As contradictory as it sounds, a period of instability can have an edifying effect. Unpredictable things that happen that shake our confidence in ourselves, our communities, or the world around us can spur us to look more deeply inward, to keep that which we truly cherish and discard that which we do not.
It’s safe to say that very few people had an amazing year, and Burberry’s Riccardo Tisci is among those that suffered loss. His beloved mother Elmerinda, to whom the Burberry Spring/Summer 2022 show is dedicated, passed away in August. He also bid farewell to his trusted adviser, Burberry’s CEO Marco Gobbetti, who left the brand for Salvatore Ferragamo in June. These seismic events have recalibrated Tisci’s creative vision, and he has emerged more confident, more assured, and more secure than ever before. As the saying goes, the purest gold is refined by the hottest fires. With one of his most brilliant shows ever, his Spring/Summer 2022 collection proved his newfound strength.
Dubbed “Animal Instinct”, the collection investigated the transparent communication of animals as reflected in their ears. Tisci’s obsession with Disney’s Bambi is well-known, and has seeped continually into his work at Burberry. The fawn-like ears that the models wore in the show reflected the way animals “talk” with their ears; for example, ears pulled slightly down might show hesitation, vulnerability, or sadness. Perhaps his recent appearance wearing downturned ears in DSection magazine hints at his recent sorrow. This emotive motif prompted a collection that blended fantasy and whimsy with reality. “It’s that idea of flicking between the endless realities and fantasies we have at our fingertips each day,” Tisci wrote in the show notes.
We’ve gotten so used to fashion going to extremes for our eyes and our dollars. This was not that.
In his own way, Tisci has effortlessly digested and recalibrated the Burberry codes since his start at the house. But this time around, the confidence he had in completely deconstructing these codes, like the iconic Burberry trench, transformed the codes into neoteric delights. The trench was sliced at the shoulder and high-necked, chopped at the thigh and worn like a mini dress, or peekaboo-cropped at the back to reveal abstract printed swimsuits beneath. Just when you thought you couldn’t possibly discover a new version of the classic trench, Tisci surprised you with new twists.
Speaking of abstract prints, a variety of graphic and colorful versions splashed their way onto sheer mini dresses and sleeveless shirts. They were fun, cool, and endlessly wearable – a testament to Tisci’s inner streetwear savant. The collection also contained bodysuits decorated in crystals and neutral options with articulated bosoms, as well as easeful maxi dresses, cow-print minis with lacing details, and fringed separates. What’s more is that this collection looked like it was constructed with complicated techniques, but simultaneously did not seem overworked. We’ve gotten so used to fashion going to extremes for our eyes and our dollars. This was not that.
There was no distraction, no over-accessorization, and scarcely a logo in sight (bless him).
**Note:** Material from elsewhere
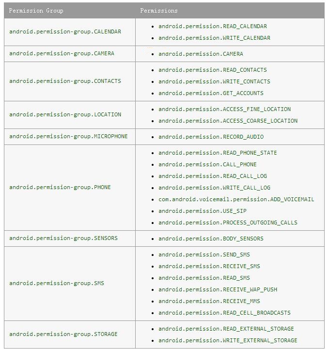同一組的任何一個權限被授權了,其他權限也自動被授權。例如,一旦WRITE_CONTACTS被授權了,app也有READ_CONTACTS和GET_ACCOUNTS了。

It was clean, confident, and gorgeous, with pops of graphics and bold color-blocking to keep the eye invested. In fashion-world speak, this was a highly “directional” collection, in that it pointed the house in a new direction, one that is rife with the kind of aspirational looks that make sense for a versatile array of tastes. And Tisci doesn’t have to justify this direction to anyone. This collection was nothing short of excellent.